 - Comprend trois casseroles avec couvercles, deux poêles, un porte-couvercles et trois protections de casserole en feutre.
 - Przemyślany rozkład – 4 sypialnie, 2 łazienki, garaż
━━━━━━━━━━
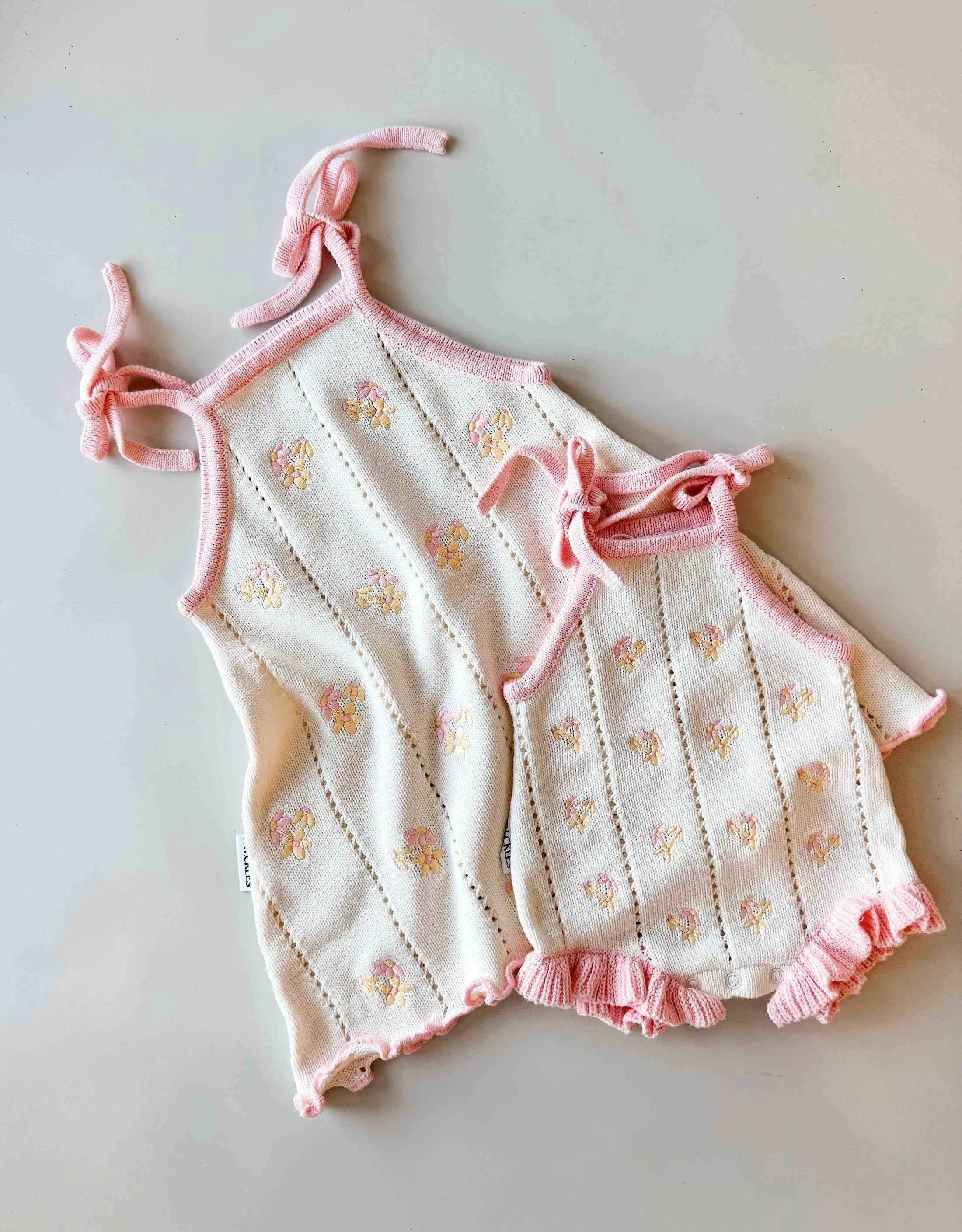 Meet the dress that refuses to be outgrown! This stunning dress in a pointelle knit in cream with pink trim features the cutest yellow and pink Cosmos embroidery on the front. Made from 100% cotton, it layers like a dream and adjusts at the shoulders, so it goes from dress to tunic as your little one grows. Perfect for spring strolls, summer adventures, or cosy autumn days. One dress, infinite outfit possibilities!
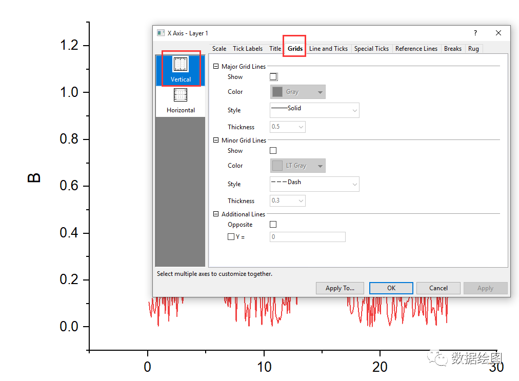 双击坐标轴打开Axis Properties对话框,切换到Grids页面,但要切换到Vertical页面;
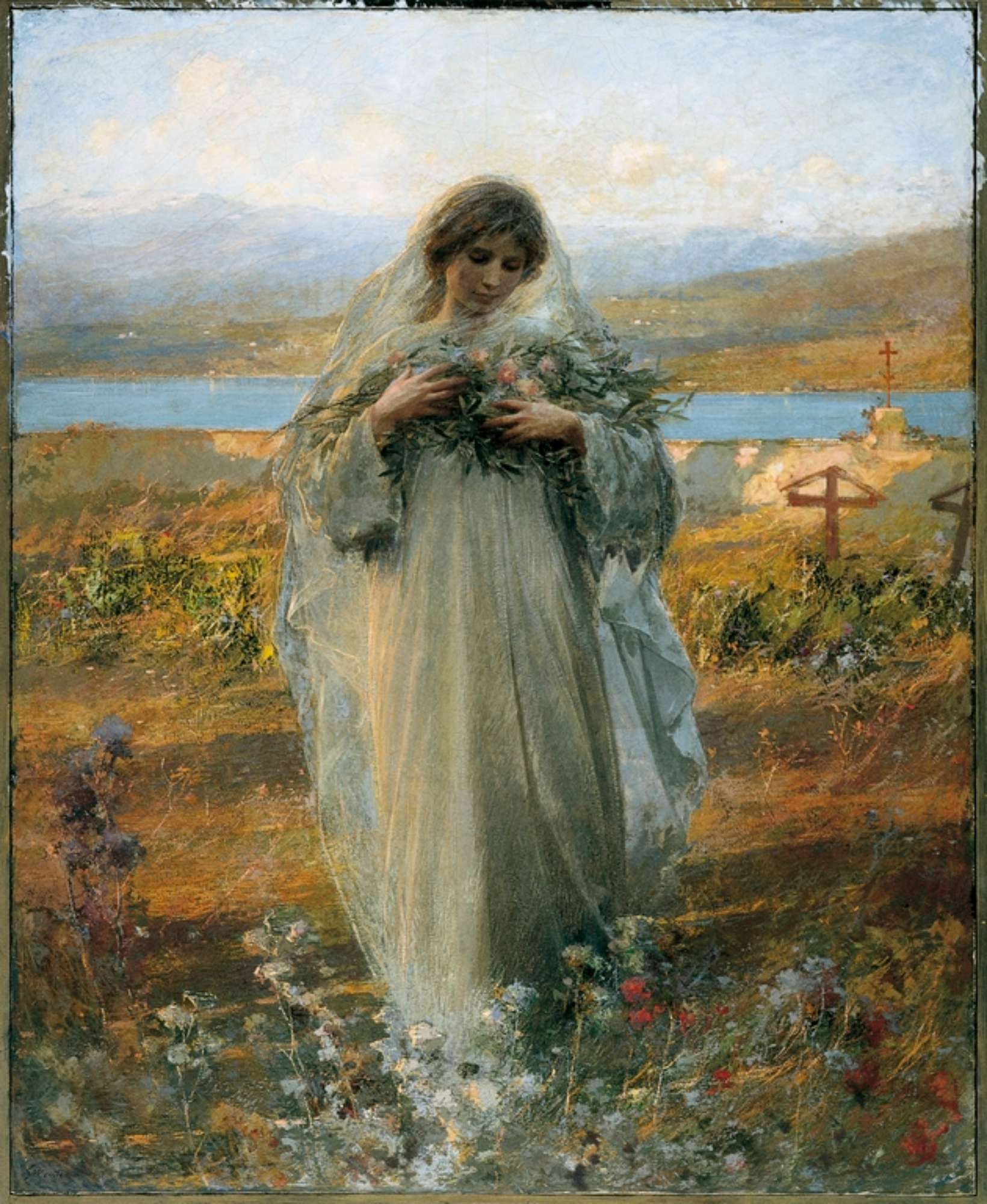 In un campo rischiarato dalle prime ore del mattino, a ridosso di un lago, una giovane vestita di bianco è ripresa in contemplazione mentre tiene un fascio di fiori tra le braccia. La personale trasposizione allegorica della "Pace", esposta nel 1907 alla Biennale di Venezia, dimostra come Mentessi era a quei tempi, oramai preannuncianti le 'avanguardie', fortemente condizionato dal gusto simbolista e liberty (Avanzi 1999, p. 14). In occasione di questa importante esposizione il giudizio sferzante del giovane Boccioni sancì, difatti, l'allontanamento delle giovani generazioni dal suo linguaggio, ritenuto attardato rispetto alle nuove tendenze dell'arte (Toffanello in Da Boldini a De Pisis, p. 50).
━━━━━━━━━━
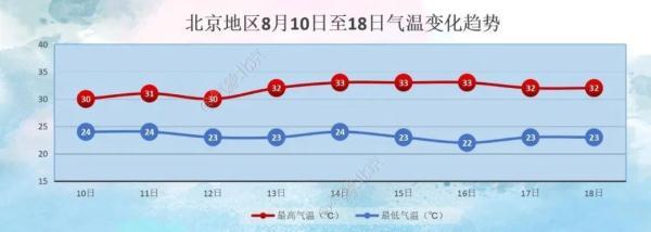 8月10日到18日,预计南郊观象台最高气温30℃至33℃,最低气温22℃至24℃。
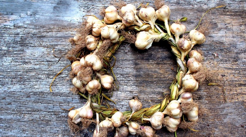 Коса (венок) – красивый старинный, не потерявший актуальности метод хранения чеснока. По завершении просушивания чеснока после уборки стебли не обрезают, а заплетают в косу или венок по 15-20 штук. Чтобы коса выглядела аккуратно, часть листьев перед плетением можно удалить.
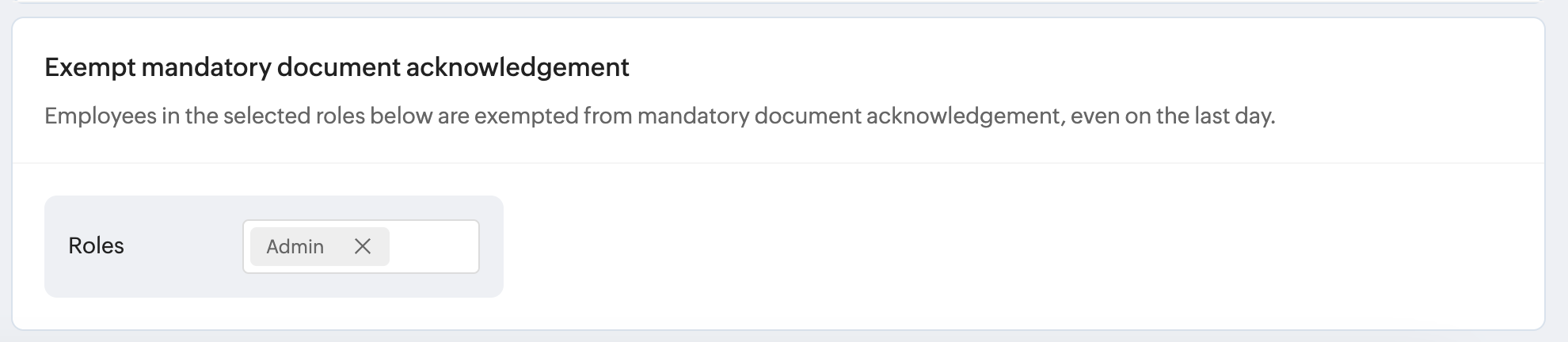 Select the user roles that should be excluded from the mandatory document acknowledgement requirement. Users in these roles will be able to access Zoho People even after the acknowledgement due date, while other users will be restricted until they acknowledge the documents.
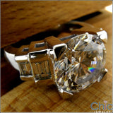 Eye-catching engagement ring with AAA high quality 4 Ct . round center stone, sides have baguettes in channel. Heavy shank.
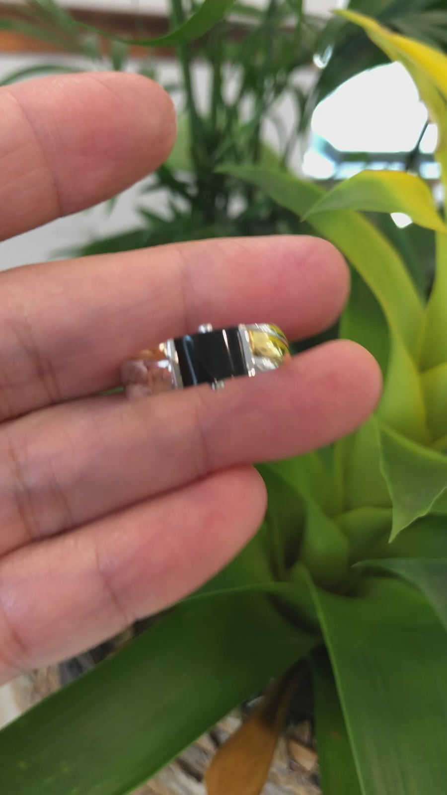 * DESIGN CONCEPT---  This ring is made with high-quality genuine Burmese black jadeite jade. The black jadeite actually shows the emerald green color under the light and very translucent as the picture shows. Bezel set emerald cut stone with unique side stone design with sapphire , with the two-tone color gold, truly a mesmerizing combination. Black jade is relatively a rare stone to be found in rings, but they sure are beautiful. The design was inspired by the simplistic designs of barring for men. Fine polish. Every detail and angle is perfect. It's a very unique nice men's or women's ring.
━━━━━━━━━━
* Prompt: Return exactly the stretch above whose first line contains "Select the user" and whose last line contains "or women's ring.", and nothing outside it. The pictures should not appear.

* Answer area:
 Select the user roles that should be excluded from the mandatory document acknowledgement requirement. Users in these roles will be able to access Zoho People even after the acknowledgement due date, while other users will be restricted until they acknowledge the documents.
 Eye-catching engagement ring with AAA high quality 4 Ct . round center stone, sides have baguettes in channel. Heavy shank.
 * DESIGN CONCEPT---  This ring is made with high-quality genuine Burmese black jadeite jade. The black jadeite actually shows the emerald green color under the light and very translucent as the picture shows. Bezel set emerald cut stone with unique side stone design with sapphire , with the two-tone color gold, truly a mesmerizing combination. Black jade is relatively a rare stone to be found in rings, but they sure are beautiful. The design was inspired by the simplistic designs of barring for men. Fine polish. Every detail and angle is perfect. It's a very unique nice men's or women's ring.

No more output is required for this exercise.